[Records from a dataset]
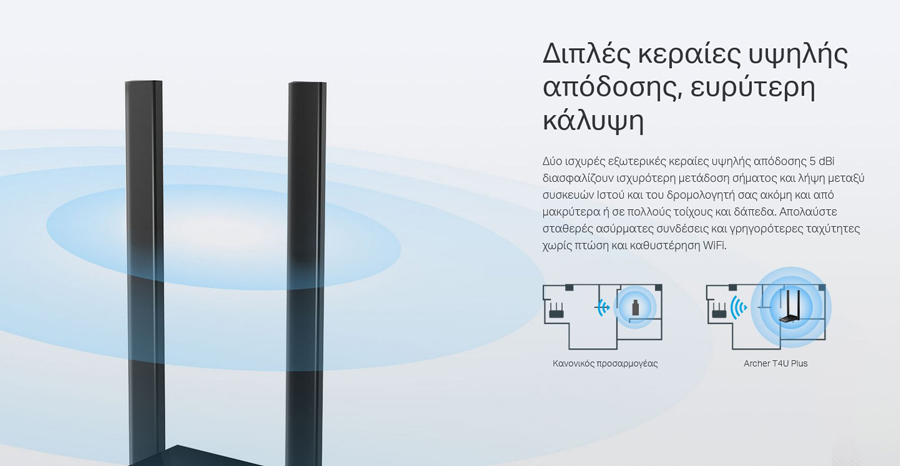 ζώνες 2,4GHz και 5GHz για ευέλικτη συνδεσιμότητα
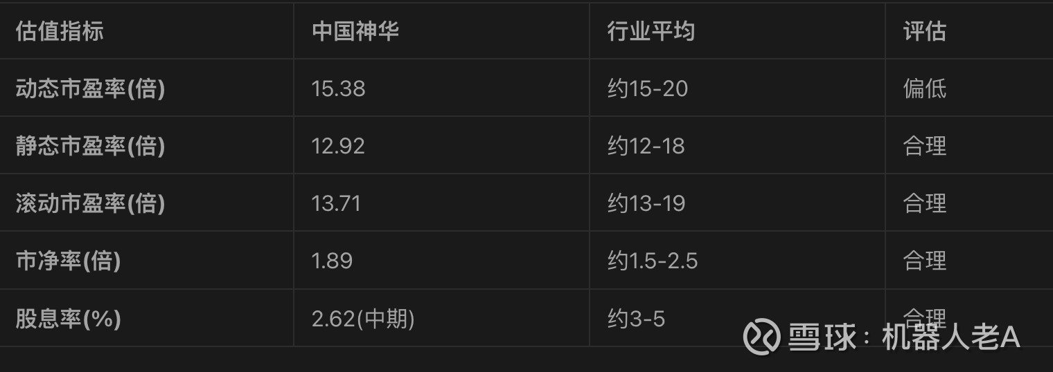 截至2025年9月2日收盘,中国神华A股股价报收38.16元,总市值7581.83亿元。基于2025年上半年业绩,公司动态市盈率为15.38倍。静态市盈率方面,根据2024年全年净利润计算为12.92倍,滚动市盈率为13.71倍。市净率为1.89倍。
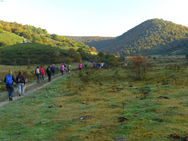 Durante el primer tramo de la ruta, atravesamos verdes prados flanqueados por suaves montañas cubiertas por espesos bosques de hayas.
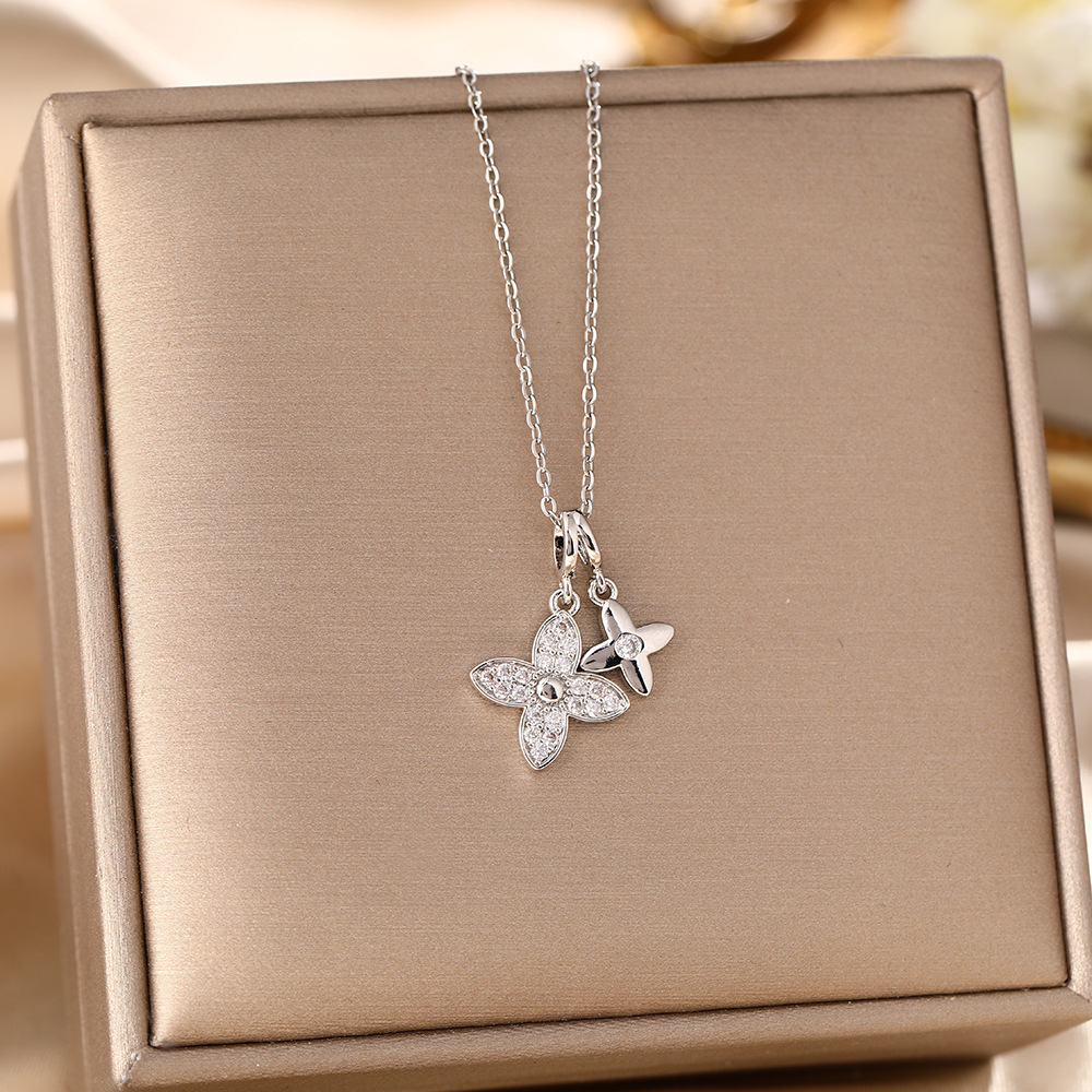 8029-silver four-leaf clover
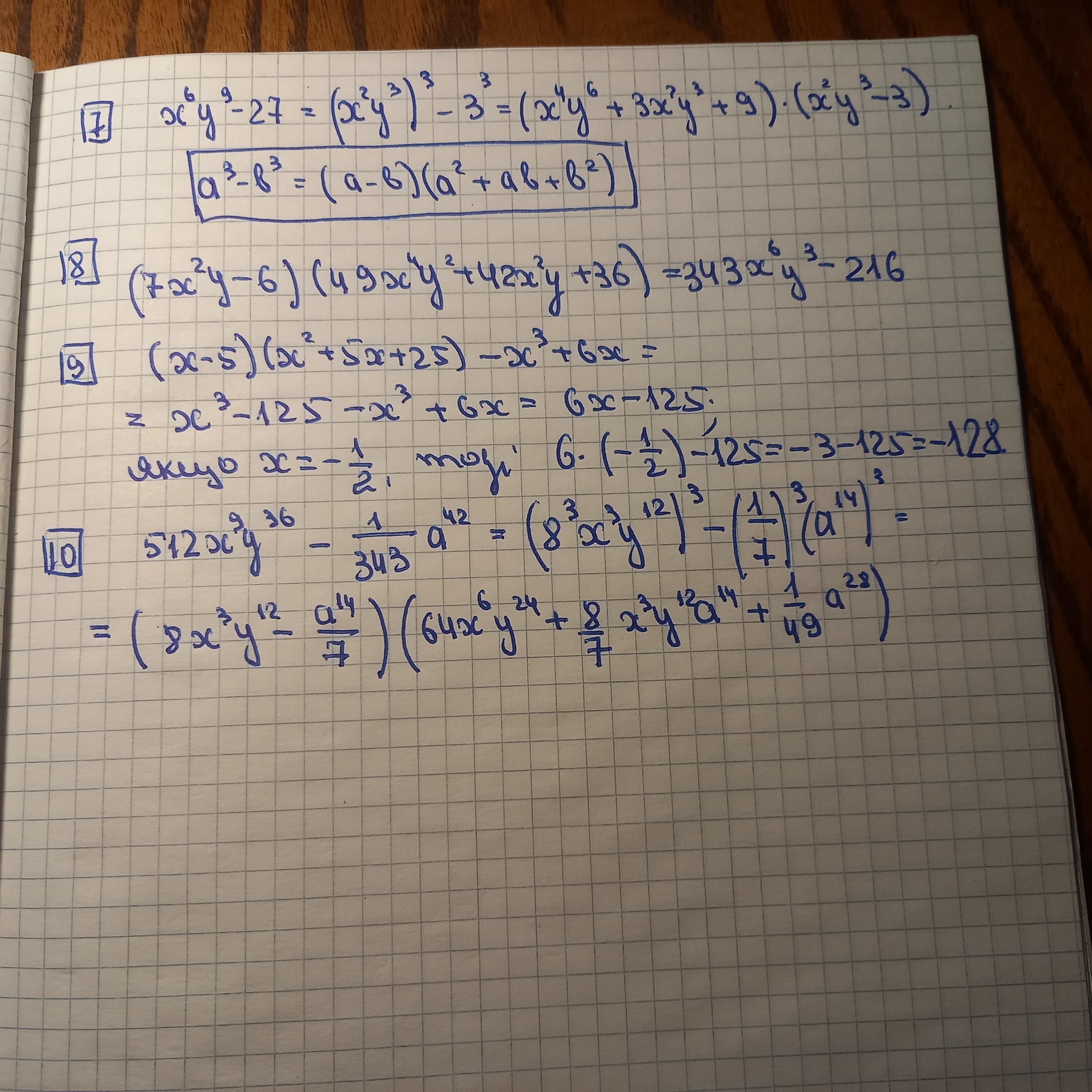 (7x2y-6)(49x4y2+42x2y+36)=343x6y3-216;
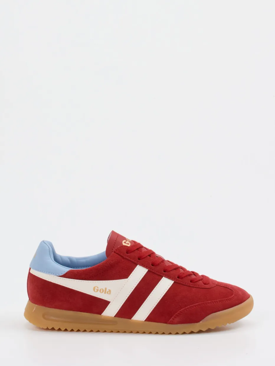 Vintage-Vibes im modernen Streetstyle.Gola präsentiert mit diesem Retro-Sneaker ein Modell für urbane Freizeitlooks. Der dunkelrote Schuh aus hochwertigem Veloursleder mit samtig-matter Oberfläche überzeugt durch seine flache, schmale Silhouette. Weiß abgesetzte Streifen und ein hellblaues Fersenelement setzen auffällige Kontraste im Color-Blocking-Stil. Typisch für den sportiven Charakter ist die profilierte Gummisohle mit Retro-Noppenstruktur sowie der gepolsterte Einstieg mit Textilfutter. Goldene Logodetails runden das Design ab. Ideal kombinierbar mit Jeans, Jogpants oder Cropped-Pants. Gola steht für charakterstarken Retro-Charme mit sportlichem Stilprofil.
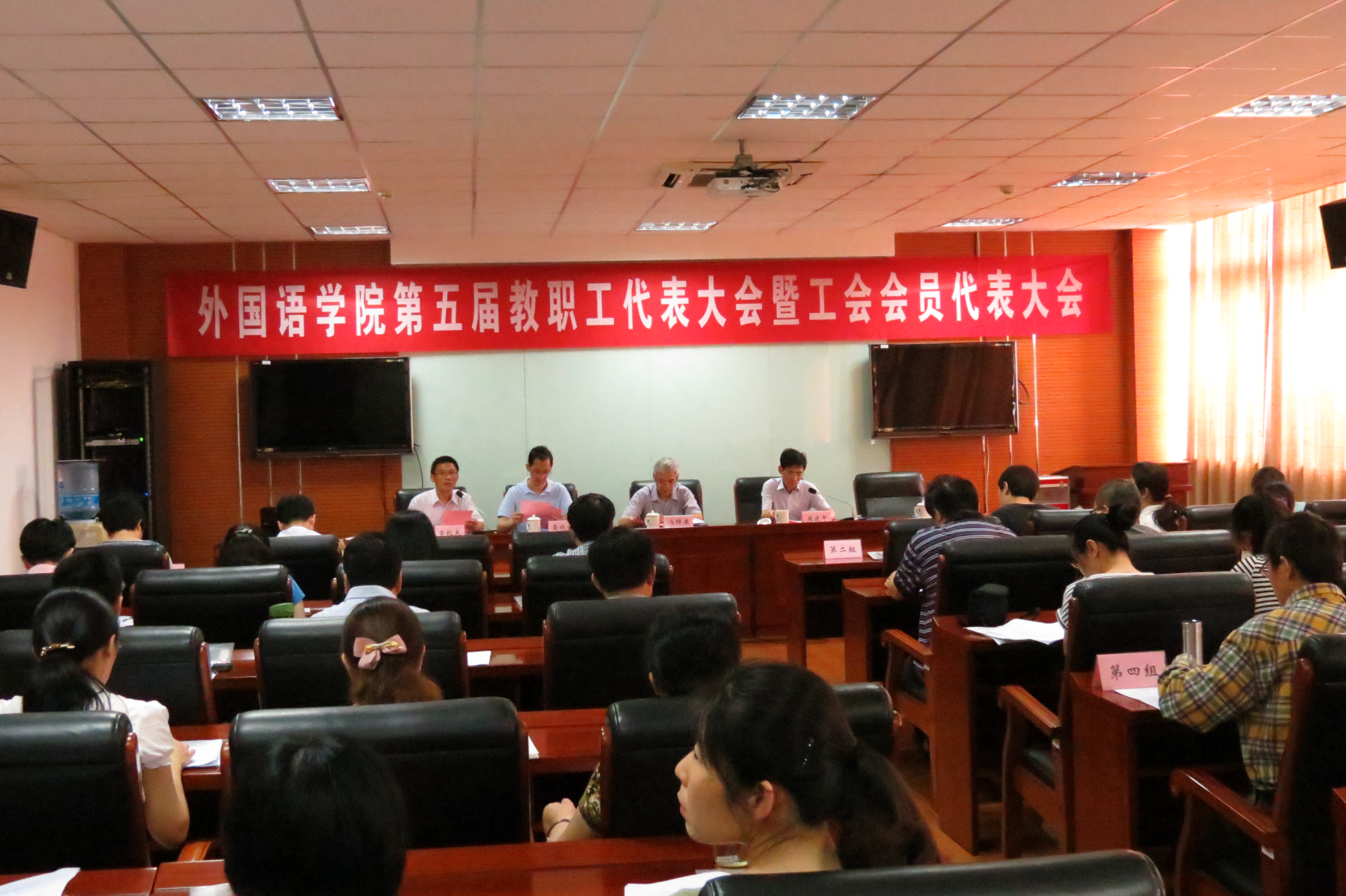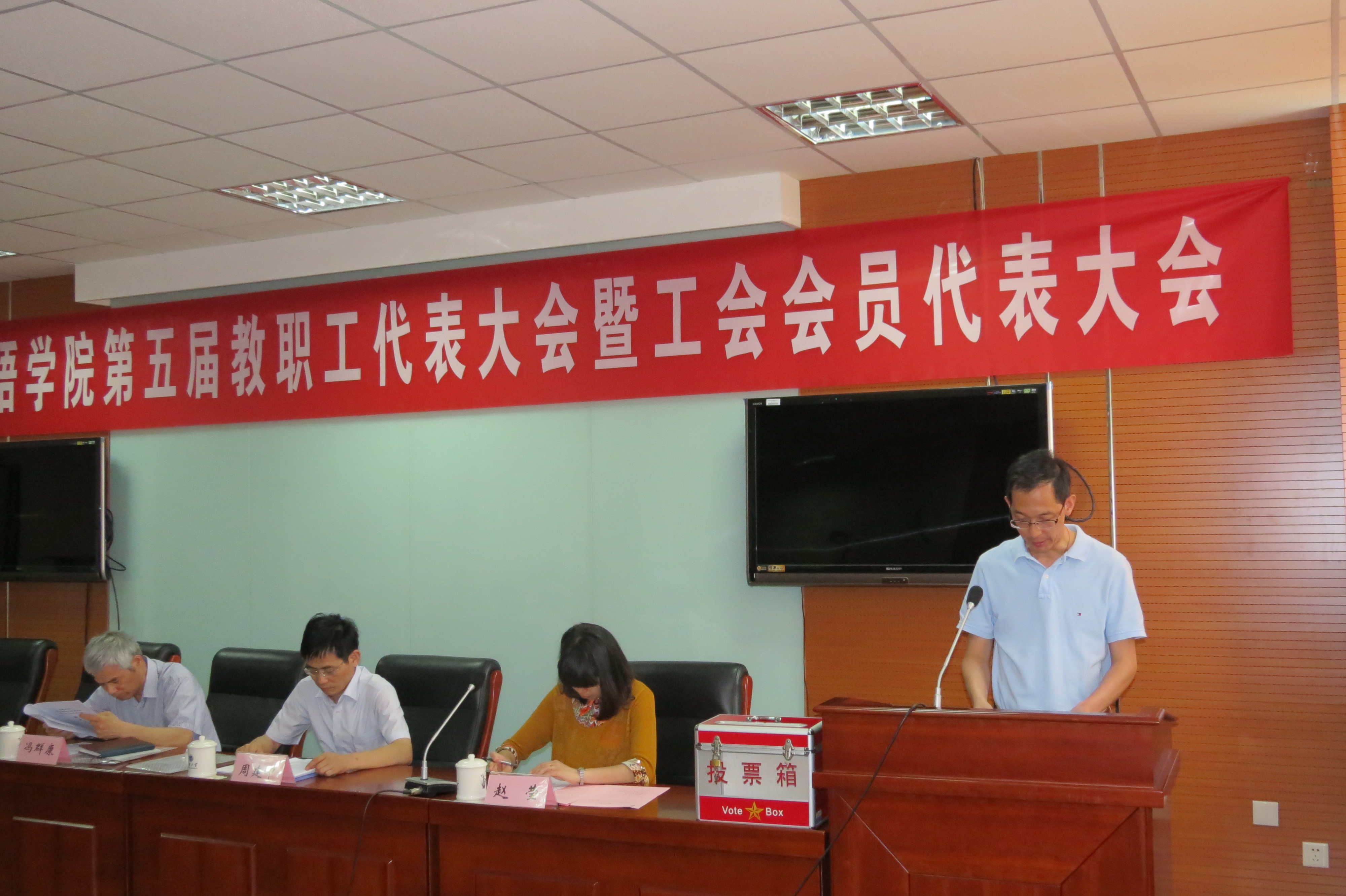 6月30日上午8点,足球篮球官方直播平台第五届教职工代表大会暨工会会员代表大会(以下简称“两代会”)在庄严的《义勇军进行曲》中开幕。大会由学院党委副书记、副院长赵莹主持,校工会主席冯群康应邀到会并讲话,冯主席对我院分工会在过去的三年中在工会建设和民主管理等方面取得的成绩表示充分肯定,并就更好地做好学院工会工作提出了几点希望和要求。
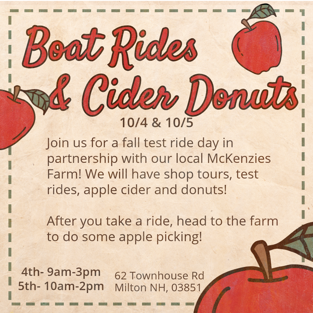 This fall we will not be attending the Annapolis boat show, but we will be hosting another test ride event 10/4 & 10/5! We will have factory tours and test rides on Friday and test rides on Saturday. This event will be in partnership with our local Mckenzies Farm, offering apple cider and cider donuts! Time slots for rides are first come first serve, contact a salesperson or email haley@Aquaticboats for more information.

- _WHAT YOU NEED TO DO_: Return the stretch of data that begins with the line showing "Durante el primer" and goes on through the line showing "(7x2y-6)(49x4y2+42x2y+36)=343x6y3-216;", exactly, with pictures removed.

- _COMPLETED TASK_:
 Durante el primer tramo de la ruta, atravesamos verdes prados flanqueados por suaves montañas cubiertas por espesos bosques de hayas.
 8029-silver four-leaf clover
 (7x2y-6)(49x4y2+42x2y+36)=343x6y3-216;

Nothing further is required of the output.